2023-05-20T09:49:02.263Z

Highlights: Chronic kidney failure is mainly caused by a harmful lifestyle. Type 2 diabetes and high blood pressure are the two most frequent causes. 5,511 Argentines are waiting for a kidney transplant, according to INCUCAI data. According to the Terminal Chronic Renal Failure Registry, about 30,<> patients are on dialysis. Hemodialysis is a treatment to filter toxins and water from the blood. It helps control blood pressure and balance minerals in the blood such as potassium, sodium and calcium.


The actress suffers from kidney failure and must undergo dialysis three times a week.


After an aesthetic treatment with malpractice, Silvina Luna suffers from a serious illness that forces her to do dialysis three times a week. He suffered methacrylate poisoning, a substance that entered his bloodstream and caused a chronic picture of hypercalcemia (high calcium level) and kidney failure. The diagnosis put her on the waiting list for a kidney transplant. But, at the same time, they are treating her for a bacterium that she has in her blood and this makes surgery impossible. What is it about this disease that affects your health?

"Chronic kidney failure is mainly caused by a harmful lifestyle. It is the progressive deterioration of kidney function for more than 3 months. This organ is responsible for filtering the blood to produce urine, but when it is damaged, its functional unit (glomerulus) is destroyed internally. The kidney can fail chronically or acutely. Type 2 diabetes and high blood pressure are the two most frequent causes," says Gabriel Lapman, nephrologist and author of the book "Reset. Lifestyle medicine", in dialogue with Clarín.

Currently, 5,511 Argentines are waiting for a kidney transplant, according to INCUCAI data. According to the Terminal Chronic Renal Failure Registry, about 30,<> patients are on dialysis. Kidney disease has the possibility of replacement treatment by dialysis and transplantation.

Fernando Cichero is medical director of the Manuel Rocca rehabilitation hospital. He performed transplants for 12 years and spent 30 years doing vascular accesses for dialysis in adults and pediatrics. He explains to Clarín that the causes of kidney failure can be pre-renal (problem with the irrigation of the kidney), renal (problems within the kidney) or postrenal (the ureters become obstructed and thus the kidney cannot filter the blood).

Silvina Luna during a TV interview, where she talked about her state of health. Capture TV.

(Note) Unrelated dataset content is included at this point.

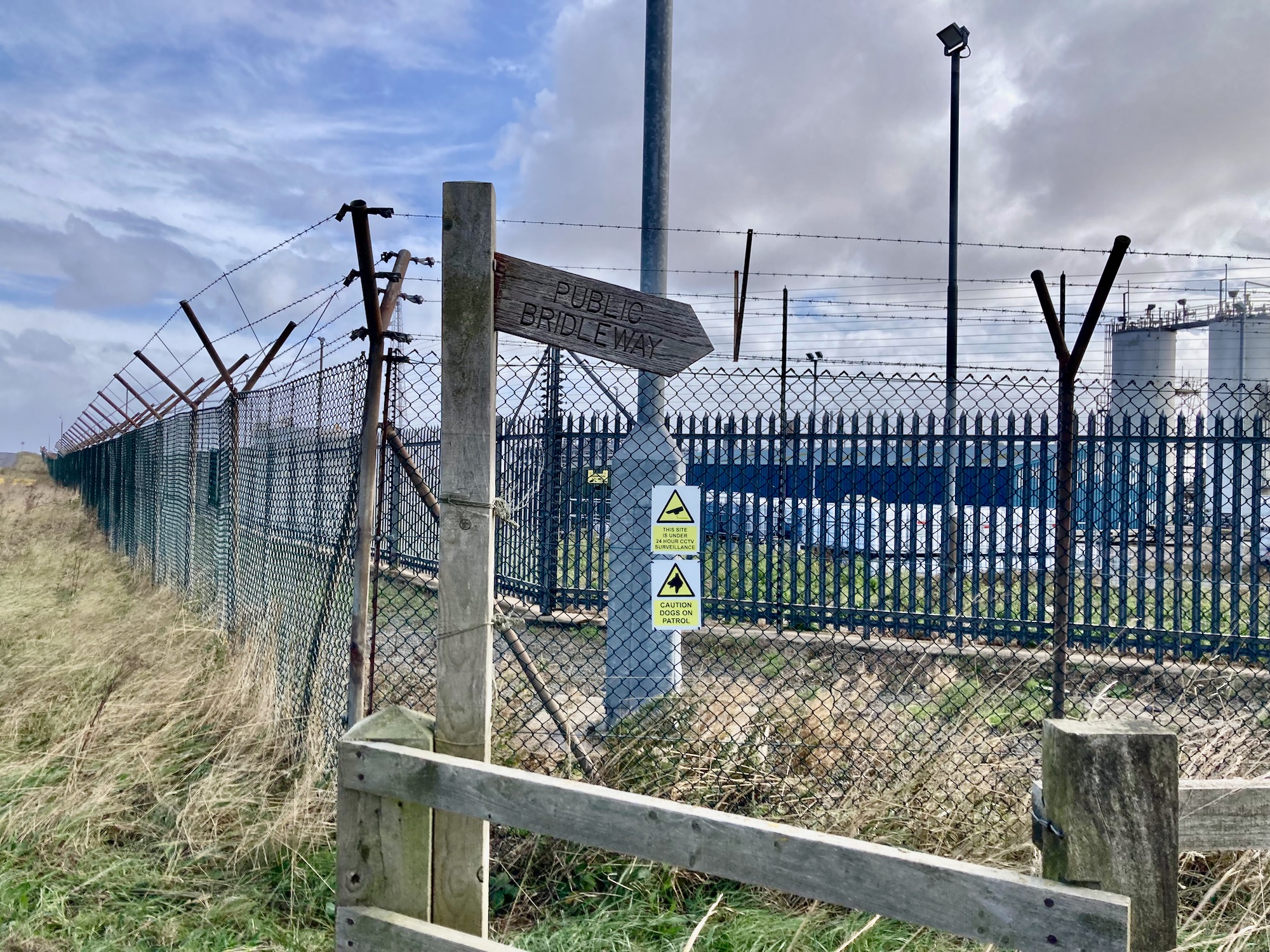 Fortunately we soon turn south again with the wind behind us (I will stop talking about the wind soon) and it is with relief that I see a footpath on the map which will steer us around the huge expanse of Easington Gas Terminal and take us on to the village. The terminal is a massive, heavily guarded affair . and there are close circuit cameras everywhere – we later discover that the site is protected by MoD police officers.

"Silvina Luna had a kidney problem because methacrylate, which is a plastic, clogged all the filter (nephron) that the kidney naturally has. So it no longer works and can no longer filter the blood to produce urine," Cichero describes.

What is hypercalcemia? "The fact that the kidneys do not work properly and end up on dialysis produces chronic hypercalcemia because there is a hormone that is missing in the diseased kidney and that cannot control renal metabolism," says Cichero.

What is it like to live with dialysis?

In the face of chronic renal failure, the only way for patients to stay alive is through hemodialysis. What does it consist of? In going to a dialysis center three times a week to connect to a machine that, through special filters, removes from the blood the toxins that the body itself produces.

The specialists consulted agree that the treatment of blood dialysis or hemodialysis offers excellent quality of life, controlling the diet, taking remedies to generate red blood cells and doing sports.

Because of her kidney condition, Silvia Luna must undergo dialysis three times a week.

"Kidney failure has 5 degrees. In stages ranging from 1 to 4, a change in the patient's lifestyle is required. In stage 5, however, you need hemodialysis to live. This treatment can be temporary or permanent," Lapman describes.

He notes: "There are two modalities of dialysis. One is hemodialysis, which involves going to a health center three times a week to connect for four hours to a device with vascular access. It is a treatment to filter toxins and water from the blood, as the kidneys did when they were healthy. It helps control blood pressure and balance important minerals in the blood such as potassium, sodium and calcium. The other is peritoneal dialysis that is performed at the patient's home and is done through the exchange of a substance."

How can it be done? There are two ways: by venous artery fistula (it is the surgical connection of an artery to a vein) or by a catheter when kidney failure is acute. Between 3 and 4 hours, the patient lies on the table. During that time, you can sleep, watch TV, or chat. The concurrency cycle is usually Tuesday, Thursday and Saturday and the other Monday, Wednesday and Friday.

"If the patient is not dialyzed, they are at risk of toxicity because the body begins to fail and retain potassium. Too much potassium in the blood intoxicates the brain and can cause cardiac arrest," says Cichero.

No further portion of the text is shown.